DEV Community

Muhammad Ikramullah Khan
Muhammad Ikramullah Khan

Posted on

Scrapy Data Export & Storage: Save Your Data Like a Pro

When I finished my first Scrapy spider, I had 10,000 items scraped. I was excited! Then I realized I had no idea where the data went or how to export it properly.

I tried using -o output.json but the file was 500MB and crashed my text editor. Then I tried saving directly to MongoDB from my spider and lost data when the spider crashed halfway through.

After scraping millions of items, I've learned the right way to export and store data. Let me show you all the options and when to use each.

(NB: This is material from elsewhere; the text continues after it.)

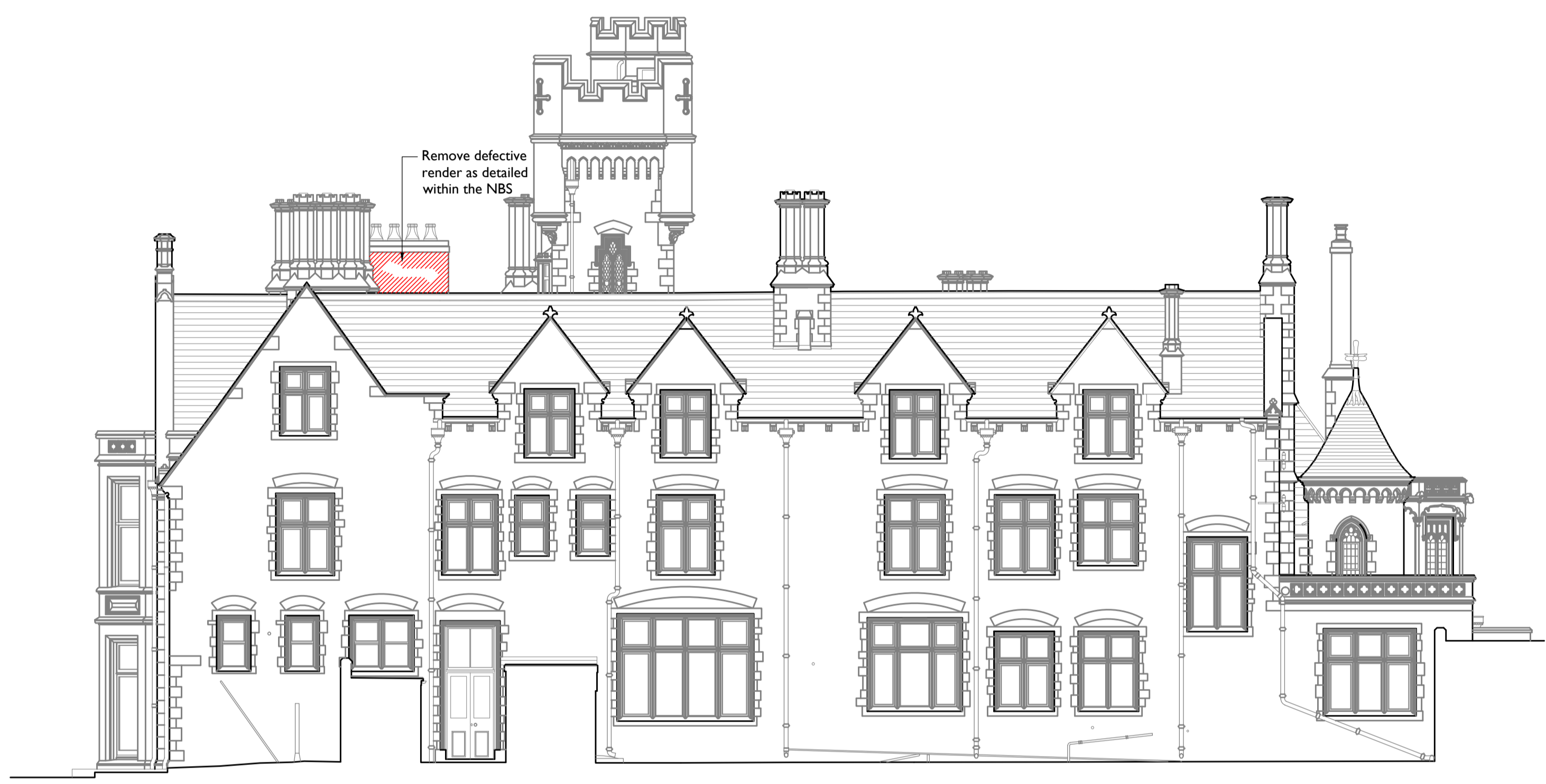
1 EAST ELEVATION AS EXISTING 107 1:100

The Big Picture: Five Ways to Export Data

Scrapy gives you five main options for saving data:

1. Feed Exports (Built-in, Easy)

  • Command line: scrapy crawl spider -o items.json
  • Works for JSON, CSV, XML, JSON Lines
  • Good for: Small to medium datasets, quick exports

2. Item Pipelines (Flexible)

  • Write custom pipeline to save to database
  • Full control over data
  • Good for: Databases, custom storage, data transformation

3. Feeds in Settings (Configured Exports)

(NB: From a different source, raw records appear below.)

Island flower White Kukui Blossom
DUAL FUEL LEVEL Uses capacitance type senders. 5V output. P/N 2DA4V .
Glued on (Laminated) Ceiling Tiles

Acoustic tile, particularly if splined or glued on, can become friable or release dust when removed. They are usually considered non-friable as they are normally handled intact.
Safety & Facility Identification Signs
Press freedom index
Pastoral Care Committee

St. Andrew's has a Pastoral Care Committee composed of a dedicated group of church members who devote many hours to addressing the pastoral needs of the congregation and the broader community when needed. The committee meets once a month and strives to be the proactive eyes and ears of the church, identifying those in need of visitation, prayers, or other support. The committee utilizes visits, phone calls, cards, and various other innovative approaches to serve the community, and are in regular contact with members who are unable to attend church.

  • Set up exports in settings.py
  • Automatic, no command line flags
  • Good for: Production, consistent output format

4. Custom Exporters (Advanced)

  • Create your own export format
  • Rare but powerful
  • Good for: Special formats, custom requirements

5. Direct Storage (Quick & Dirty)

  • Write files directly in spider
  • Not recommended
  • Good for: Quick tests only

Let's explore each properly.


Method 1: Feed Exports (The Quick Way)

Basic Usage

# JSON
scrapy crawl myspider -o items.json

# CSV
scrapy crawl myspider -o items.csv

# JSON Lines (one JSON object per line)
scrapy crawl myspider -o items.jl

# XML
scrapy crawl myspider -o items.xml
Enter fullscreen mode Exit fullscreen mode

Simple. Fast. Works great for small to medium datasets.

Appending vs Overwriting

# Overwrite (default with -o)
scrapy crawl myspider -o items.json

# Append (keeps existing data)
scrapy crawl myspider -O items.json  # Capital O
Enter fullscreen mode Exit fullscreen mode

What the docs don't tell you:

  • -o overwrites the file each time
  • -O (capital O) appends to existing file
  • Be careful with append! Can create invalid JSON

Multiple Formats at Once

scrapy crawl myspider -o items.json -o items.csv
Enter fullscreen mode Exit fullscreen mode

Scrapy exports to both files simultaneously.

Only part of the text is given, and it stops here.